Luc Ferry considera que la idea, el concepto de Eros, se halla en lo esencial en la obra de Platón y que Freud no hará sino repetirlo veintitrés siglos más tarde:

“El deseo sexual, exaltado por la pasión amorosa es carencia. Apela a la consumición del otro. Una vez satisfecho, se hunde en la nada saciada, hasta que vuelve a empezar sin más fin último que la muerte misma. La palabra alemana que utiliza Freud para designar eros encierra esta contradicción, que es de toda vida biológica: Lust, a un tiempo deseo y placer, carencia y satisfacción, porque lo uno no podría existir sin lo otro”[2].

La atracción sexual entre hombre y mujer, varón y hembra, no se basa sólo en la biología, aunque la “ideología de género” en boga y en proceso de convertirse en un nuevo totalitarismo ideológico, niegue la diferencia esencial, natural, entre hombre y mujer (por esa razón, de llegar a publicarse este ensayo podría correr riesgo de asesinato moral y hasta físico). Esa diferencia, no soy experto en el tema, lo digo por mi experiencia, es también psíquica; diría entonces que el hombre y la mujer son seres biosíquicamente distintos, y hasta opuestos. La mayor y mejor demostración de ese aserto la encontramos en el arte: la historia de la poesía, la pintura, la música, la narrativa, abunda en obras que exaltan la pasión amorosa del hombre por la mujer, por ejemplo, estos versos de Luis de Góngora (1561-1627)  que integran sus “Romances”:

“Amadores desdichados, Que seguís milicia tal, Decídme ¿qué buena guía podéis de un ciego sacar?, De un pájaro ¿Qué firmeza?, ¿Qué esperanza de un rapaz?, ¿Qué galardón de un desnudo?, De un tirano ¿qué piedad? Dejadme en paz, Amor tirano. Déjadme en paz. Diez años desperdicié. Los mejores de mi edad, En ser labrador de Amor. A costa de mi caudal. Como aré y sembré, cogí; Aré un alterado mar, Sembré una estéril arena. Cogí vergüenza y afán. Dejádme en paz, Amor tirano, Dejádme en paz. Una torre fabriqué Del viento en la raridad, Mayor que la de Nembrot, Y de confusión igual. Gloria llamaba a la pena, A la cárcel libertad, Miel dulce al amargo acíbar, Principio al fin, bien al mal, Dejádme en paz Amor tirano, Dejádme en paz”.

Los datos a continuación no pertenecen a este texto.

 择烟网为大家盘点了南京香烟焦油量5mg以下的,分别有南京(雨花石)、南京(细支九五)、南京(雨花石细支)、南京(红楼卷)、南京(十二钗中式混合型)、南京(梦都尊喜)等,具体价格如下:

Y este otro de Garcilaso de la Vega (1503-1536):

“¿Dó están agora aquellos claros ojos que llevaban tras sí como colgada mi ánima por doquier que se volvían?
¿Dó está la blanca mano delicada, llena de vencimientos y despojos que de mis sentidos le ofrecían?
Los cabellos que vían con gran desprecio el oro como a menor tesoro, ¿dónde están?, ¿Adónde el blanco pecho?
¿Dó la columna que al dorado techo con presunción graciosa sostenía?
Aquesto todo agora ya se encierra, por desventura mía, en la fría, dura y desierta tierra. ¿Quién me dixera, Elisa, vida mía, cuando en aqueste valle al fresco viento andábamos cogiendo tiernas flores, que había de ver con largo apartamiento venir el triste y solitario día que diese amargo fin a mis amores?”.

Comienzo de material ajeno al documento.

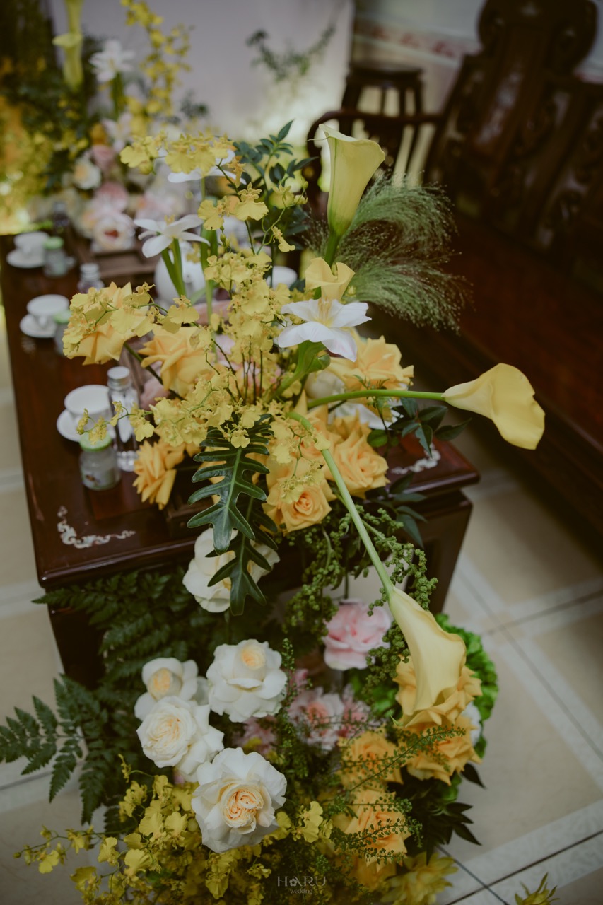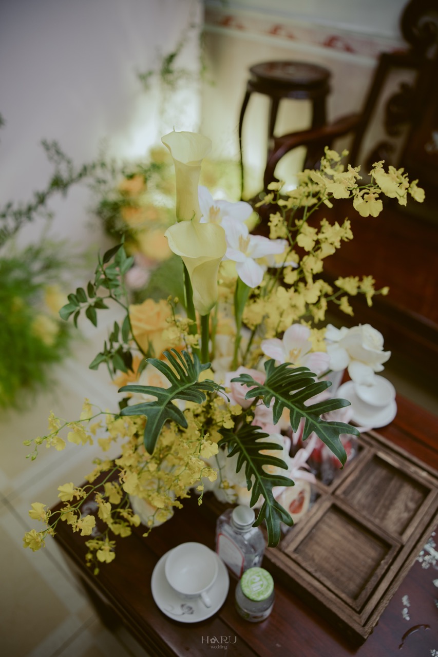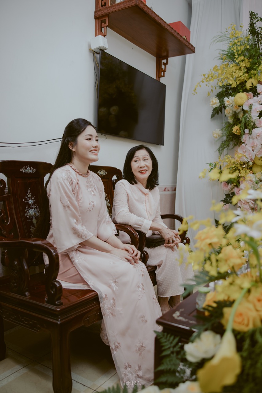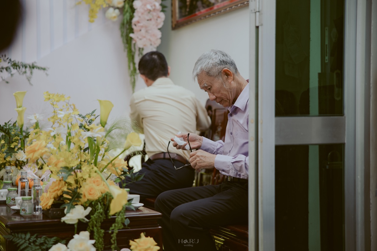 Ai cũng tất bật, người lo hoa, người chỉnh lại bàn trà, ánh mắt ai nấy đều ánh lên niềm vui và sự mong chờ. Còn tụi mình, đứng phía sau ống kính, chỉ lặng lẽ quan sát và ghi lại từng khoảnh khắc nhỏ — những cái nhìn, nụ cười, và cả cảm xúc khó nói thành lời.

Y viceversa, la atracción que ejerce el hombre sobre la mujer, tan bien expresada en estos versos de la excelsa poetisa Gabriela Mistral (1889-1957):

“Hay besos que producen desvaríos de amorosa pasión ardiente y loca, tú los conoces bien son besos míos inventados por mí para tu boca. Besos de llama que en rastro impreso llevan los surcos de amor vedado, besos de tempestad, salvajes besos que sólo nuestros labios han probado. ¿Te acuerdas del primero…? Indefinible; cubrió tu faz de cárdenos sonrojos y en los espasmos de emoción terrible, llenándose de lágrimas tus ojos…Yo te enseñé a besar: los besos fríos son de impasible corazón de roca, yo te enseñé a besar con besos míos inventados por mí, para tu boca”.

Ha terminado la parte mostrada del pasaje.